United Kingdom Defies Market’s Euphoria

Business Banking Insight

Here’s the British Central Bank’s interest rate decision – Critics warn that the conducted policy may harm the economy.

United Kingdom Defies Market's Euphoria

For the third time in a row, the Bank of England leaves its key interest rate unchanged at 5.25 percent, reports CNBC.

Thus, the country continues its restrictive monetary policy aimed at keeping British inflation in check.

Despite the tight policy of the past year, with a series of interest rate hikes since December 2021, high inflationary pressure persists.

Disappointing Wage Growth

In October, inflation in the country fell to 4.6 percent, the lowest level in two years. It was also unusually rapid.
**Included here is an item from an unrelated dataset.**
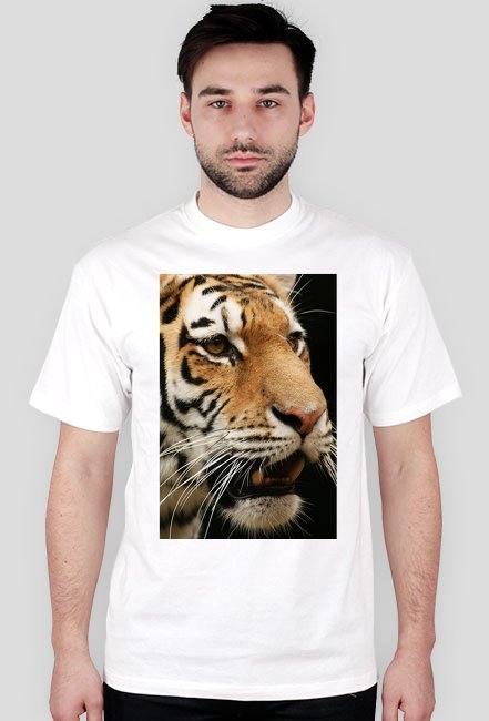Model ma na sobie koszulkę w rozmiarze M. Maksymalne wymiary nadruku to 30cm (szerokość)

However, wage growth was below expectations.

If inflationary pressure continues, further tightening may be necessary, according to the country’s Monetary Policy Committee.

Minimal Growth

Thus, the Bank of England goes against market expectations. Right now, it is experiencing somewhat of a euphoria following the positive news from the US Federal Reserve on Wednesday.

Critics warn that the central bank’s restrictive monetary policy risks keeping interest rates high for too long, potentially damaging an already fragile British economy.

Growth is expected to be a mere 0.1 percent in the fourth quarter – however, an improvement after the third quarter’s zero growth.